March 10th is NWGHAAD (National Women's and Girls HIV/AIDS Awareness Day), and this is also Women's History Month, so I would like to tell you about one woman in particular who was called "the Cemetery Angel". Sounds like quite a name, doesn't it? Cemetery Angel? Interested?
Her name is Ruth Coker Burks, and she considers herself to be an unlikely advocate. A single mother and real estate agent in Arkansas, she had no medical background or training. She was just visiting a friend in the hospital in 1984 when she saw a red door, and nurses drawing straws to see who would have to go care for the patient. She sneaked into the room and met Jimmy, her first patient. Since that day, she has spent 30 years caring for people who have been abandoned by their families and even medical staff. She later became an informal adviser to then-Governor and later President Bill Clinton. She cared for over a thousand patients and also helped to bury those who were unclaimed by their families in her own family's cemetery, thus the nickname "Cemetery Angel".

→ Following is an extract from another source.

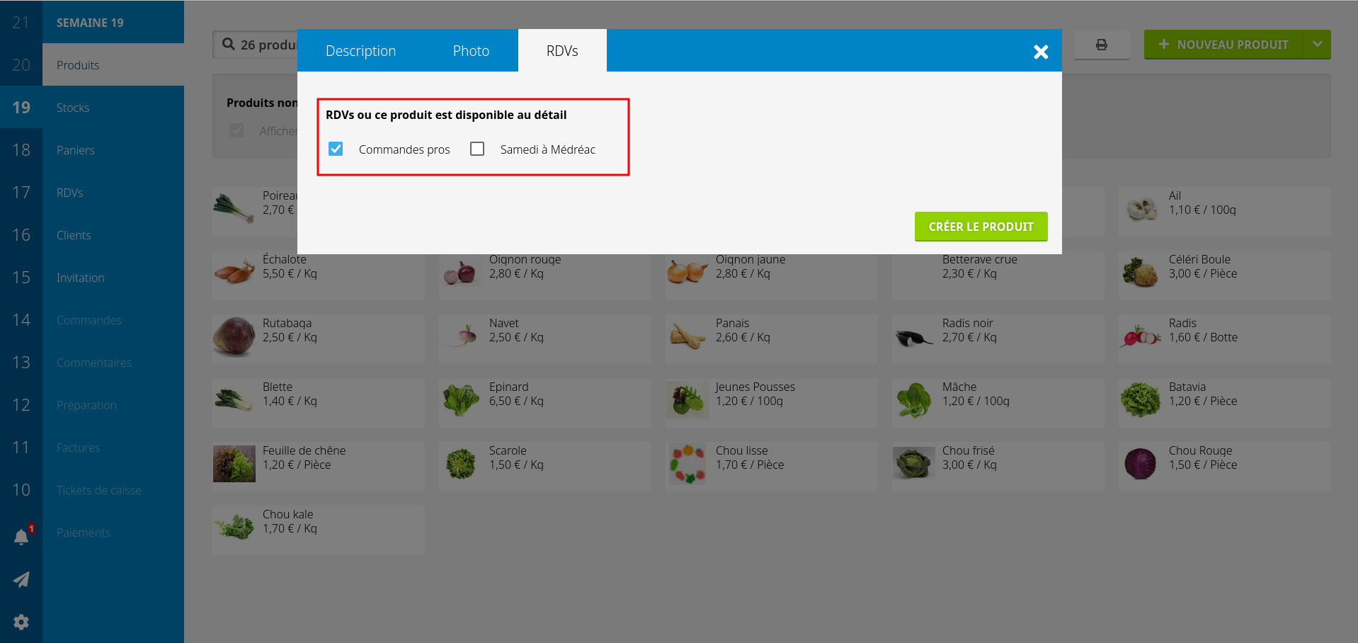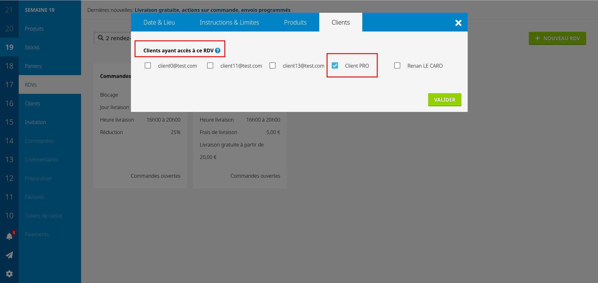 Je vous conseille de mettre "PRO" dans le nom de la copie pour vous y retrouver, et de retirer le produit "grand public" du rdv pro. Il peut aussi être intéressant de créer des "panier" avec un tarif avantageux uniquement pour vos clients pro, ce qui permet de gérer les stocks correctement.

Ruth found likeminded medical professionals to help care for her patients and she learned about the disease along the way. She must have been doing something right because the CDC sent professionals to learn how her patients were living on average about two years longer than other patients. That's amazing!
I found all of this information on her website. She still advocates doing podcasts. So for this National Women and Girls HIV/AIDS Awareness Day, I wanted to learn more about the women who have been involved in the movement against this pandemic from the beginning and celebrate and honor them. Ruth is just one of the women who braved an unprecedented and unknown disease to show humanity to those who had had their humanity stripped away from them. She is a shero and should be remembered with honor.